Task directions: Would you transcribe the entries below, beginning at the line with "For Google Pixel" and ending after the line with "住宅設備機器の5年間無償保証を標準仕様としています。", exactly, with no picture and nothing more?

Materials provided:
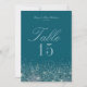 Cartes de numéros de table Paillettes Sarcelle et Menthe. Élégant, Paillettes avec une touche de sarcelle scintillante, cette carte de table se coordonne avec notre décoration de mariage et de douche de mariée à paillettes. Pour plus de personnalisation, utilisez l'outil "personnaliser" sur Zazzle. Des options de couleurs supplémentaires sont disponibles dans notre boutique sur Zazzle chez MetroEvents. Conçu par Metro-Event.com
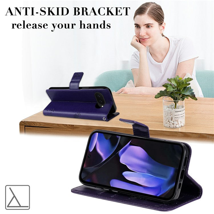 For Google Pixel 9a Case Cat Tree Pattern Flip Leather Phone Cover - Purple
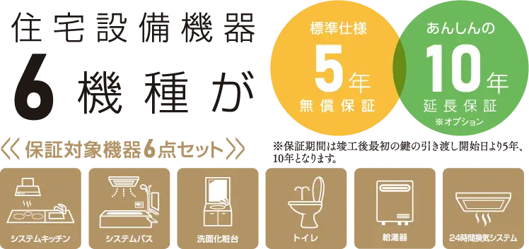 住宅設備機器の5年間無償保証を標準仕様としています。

...

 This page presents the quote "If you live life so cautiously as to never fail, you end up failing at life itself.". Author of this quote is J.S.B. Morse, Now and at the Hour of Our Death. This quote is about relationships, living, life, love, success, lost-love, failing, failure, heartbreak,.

Reply:
 For Google Pixel 9a Case Cat Tree Pattern Flip Leather Phone Cover - Purple
 住宅設備機器の5年間無償保証を標準仕様としています。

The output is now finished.